Mrs. Hopper and Diane couldn’t stop laughing after that. After they used some ten tissues to dry their tears, Diane sat cross-legged on the floor and said, “Oh, it feels good to laugh after all these years.”
“I agree,” said Mrs. Hopper. “I really needed that.”
However, the laugh was only experienced because Jack said something funny along the lines of love. And love was still complicated, and the two Hopper children were both stressed, anxious, confused, and weary, maybe all of those things mixed up together into one. Like an inside collage.
Mrs. Hopper was still eyeing her two children. She didn’t get to do that often because her children were always at school, but when they declared a June holiday for students, then Mrs. Hopper had some of her favorite people to spend time with.
“Tell you what,” she said, pulling out a dollar from her pocket. “Take this from me, and go buy yourselves one of those chili dogs from the June harvest.
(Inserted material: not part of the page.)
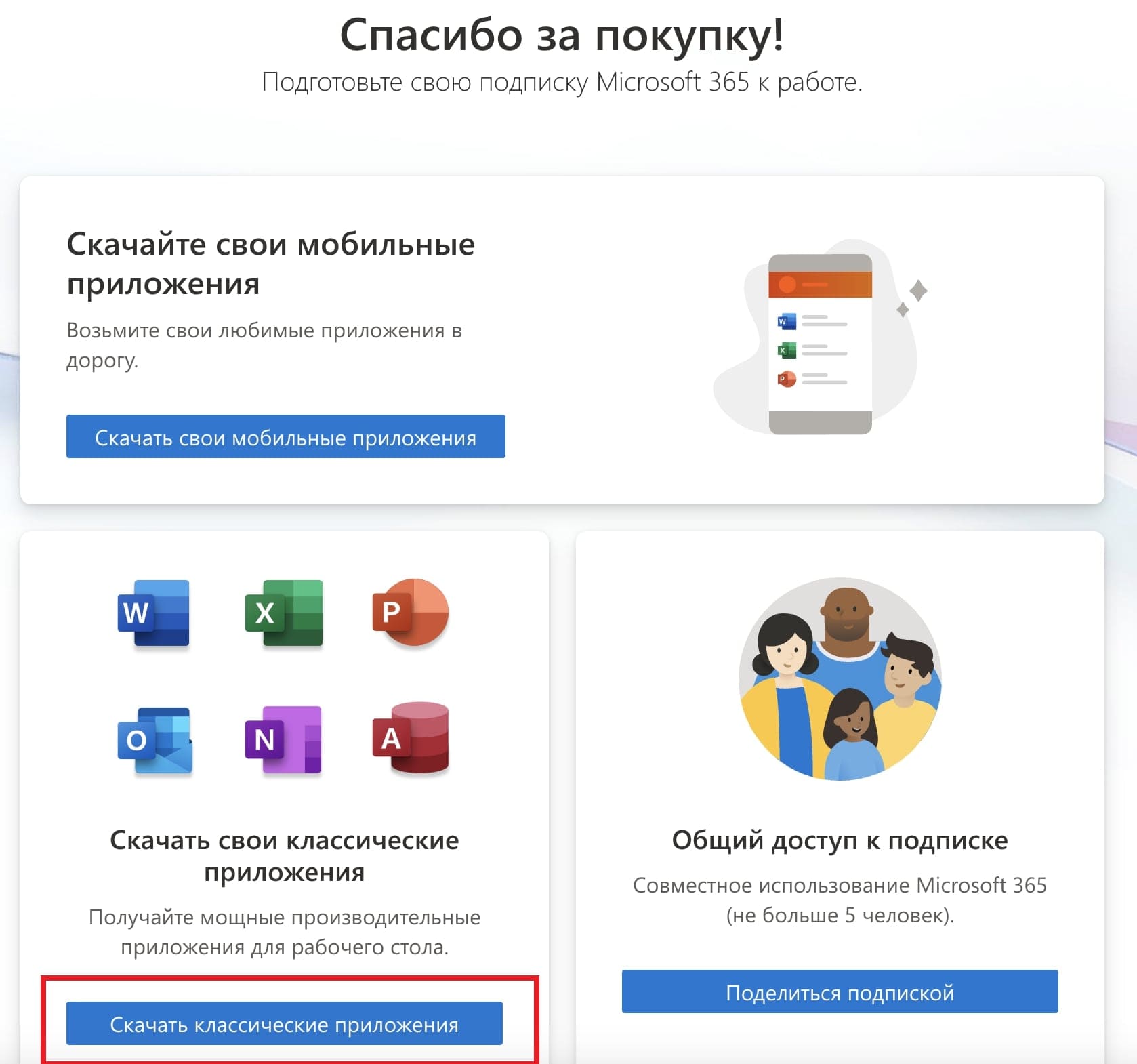 4) Теперь Ваша подписка активна. Вы автоматически перенаправитесь в личный кабинет Microsoft 365, где сможете делиться подпиской на другие учетные записи (устройства), в случае если у Вас подписка “Для семьи” и так же можете скачать приложение.

They taste really good. I think you need one.”
Jack and Diane happily accepted the offer to buy one and share it, because the latter said that sharing is always fun. Jack didn’t seem to agree too much, but he was hungry so he took it over nothing. The two delighted kids took the dollar and headed out the door to the June harvest.
・・・
“Mmm, that was just perfect,” said Diane as she took a sharing-sized bite of the chili dog. She was sitting on Jack’s lap, with her hands between his knees, even though it was a bit tiny for her. But she liked the feeling of it, so they stayed that way. She handed the morsel to Jack and he took a little bite next. They were taking turns taking bites of the chili dog until there was nothing left.
The chili dog was really what they needed that moment, that juicy, crispy, tender-cooked meat topped with little dollops of chili sprinkled with cheese. And the people at the June harvest were nice too, although a little too nice. They offered to give a free animal balloon to Jack, not knowing his precociousness, and they even said that they were such nice-looking kids that they could just take the chili dog free. They declined, of course, and paid with the dollar their mother gave them.